Your criteria are that a hand of 7 cards contains at least 1 card of type A, at least 1 card of type B, at least 1 card of type C, and at least 1 card of type D.

For a given hand arrangement, you can calculate the probability using the formulas in the link. As an example, the probability of the hand (1 card of type A, 1 card of type B, 1 card of type C, 2 cards of type D, and 2 cards of type E) is:

(4 choose 1) * (4 choose 1) * (4 choose 1) * (4 choose 2) * (44 choose 2) / (60 choose 7) = ~0.000941.

Note that this probability is for this specific hand, and there are many that meet your requirements. You will want to make a table of all realizable hands and sum up the probabilities. (or alternatively a table of all hands that don't meet the criterion, and subtract the sum from 1).

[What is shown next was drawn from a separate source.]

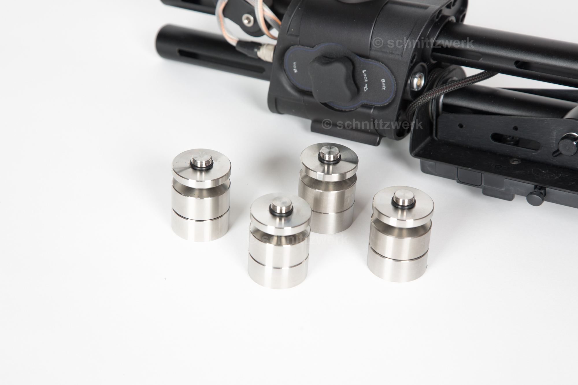: Balance control via standard ¼-20 mounting hole at the base of the sled and additional balance weights.

=== table of realizable hands ===

  • 1,1,1,1 of (A, B, C, D), 3 of other

(4 choose 1) * (4 choose 1) * (4 choose 1) * (4 choose 1) * (44 choose 3) / (60 choose 7) = ~0.00879

  • 1,1,1,2 of (A, B, C, D), 2 of other [4 variants]

4 * [(4 choose 1) * (4 choose 1) * (4 choose 1) * (4 choose 2) * (44 choose 2) / (60 choose 7)] = ~0.00376

  • 1,1,2,2 of (A, B, C, D), 1 of other [6 variants]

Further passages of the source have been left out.